No one ever really talks about it, but I have strong suspicions that those of us who live in places where it rarely gets cold don't really need to be wasting money on aquarium heaters. I want to talk about this...

I keep my house regularly at 74-75 degrees via air conditioning or open windows, throughout the majority of the year. In those remaining few moments when it's cold (or at least dips below the point where keeping the windows open is no longer the best idea) a heater comes on, keeping the temperature just a few degrees cooler than it would otherwise be throughout the rest of the year. So, my question is, do I really need a heater in my aquariums?

I have been running an experiment on my 5g planted tank, filled with a multitude of crypts, snails, and a single honey gourami, for 4 or 5 months now, without a heater, and I have noticed no ill effects. When I put my hand in the water, it doesn't feel even as cool as a glass of room temperature drinking water feels to me. Also, recently I noticed that the heater on my 10g doesn't have any lights or indicators to tell me it's currently heating, and it got me wondering if it ever even turns on? The temperature of the water in that tank feels no different that the 5g to me.

So I ask, has anyone discussed this or thought about this before? Can I finally just throw away all those ugly things I was programmed to believe I need, all because the authors of aquarium books are all probably from Canada or someplace else where it gets cold?

Why do I need a heater in my aquariums, when I live someplace with almost similar climate to where these plants fish snails and shrimp come from?

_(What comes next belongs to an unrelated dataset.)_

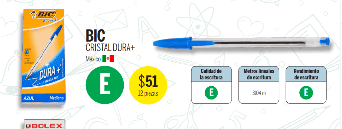 Mes con mes, la Revista del Consumidor de la Profeco revela cuáles son los mejores productos para todos los consumidores y este mes de agosto, previo al regreso a clases, se han dado a la tarea de analizar cuáles son las mejores plumas que todos los estudiantes deben llevar en sus bolsillos.En un estudio realizado por la Procuraduría Federal del Consumidor, se analizaron 29 cuadernos, gomas para borrar, pegamento líquido y de barra; reglas de plástico, tijeras, barras de plastilina; lápices y bolígrafos de tinta azul. Pero en esta ocasión hablaremos únicamente de los bolígrafos que valen la pena respecto a calidad-precio.Una de las experiencias más desagradables es cuando abres la mochila o la bolsa y ves la gran mancha de tinta azul. Para que esto no suceda, lo mejor es comprar aquellos productos avalados por la Procuraduría Federal del Consumidor.En el estudio se analizaron bolígrafos de tinta azul oleosa punto mediano sin mecanismo retráctil y con mecanismo retráctil de distintas marcas, entre ellas BIC, Bolex, Peper Mate, entre otras. De los once modelos analizados, la Profeco consideró que la mejor pluma es la BIC Cristal Dura +, ya que ofrece 3 mil 104 metros lineales de escritura, con calidad en cada trazo y un precio módico por paquee de 12 piezas de 51 pesos.Ahora bien, las 5 mejores plumas por debajo de la BIC Cristal Dura + son las siguientes:Por su parte, la peor pluma que puedes tener entre tus cosas de papelería, es la MAE Rapid Ink BTM-A. Ésta ofrece 745 meros lineales de escritura, es decir, una tercera parte de lo que ofrecen las BIC. El precio de la MAE Rapid es de 65 pesos por 12 piezas.

If anything it seems like I should be spending money on a chiller...


----------



## imeridian (Jan 19, 2007)

In warmer climates the heater serves to keep the temperature consistent more so than heating the volume of water significantly.


----------



## Church (Sep 14, 2004)

So if the temp in the house is pretty consistent, say plus or minus 2-3 degrees or so, does it really matter then?


----------



## chase127 (Jun 8, 2008)

i dont have heaters on my tanks, the temp is always around 76


----------



## imeridian (Jan 19, 2007)

I prefer to not have that much temperature fluctuation within my aquarium. Consistent to me is within a particular degree at all times, preferably no more than half a degree plus or minus within the day. I don't know if it really matters though, but my heater keeps the temperature that consistent.


----------



## EdTheEdge (Jan 25, 2007)

Living in SoCal I seem to have a slightly different problem. My heaters don't turn on from approx Mar to Oct. From Oct to Mar they can be on quite a bit. I don't have air conditioning and I don't turn on the heat in the house. When I have a particularly long hot summer my heaters may not turn on for 9 months or longer. When it then turns cool my heaters will turn on constantly but are all out of whack....nowheres where I set them. I have to replace heaters every two years or so to keep them accurate. Over the years I've tried all the "better" common brands of heaters. But I've settled on Vistherm as they seem to last the longest.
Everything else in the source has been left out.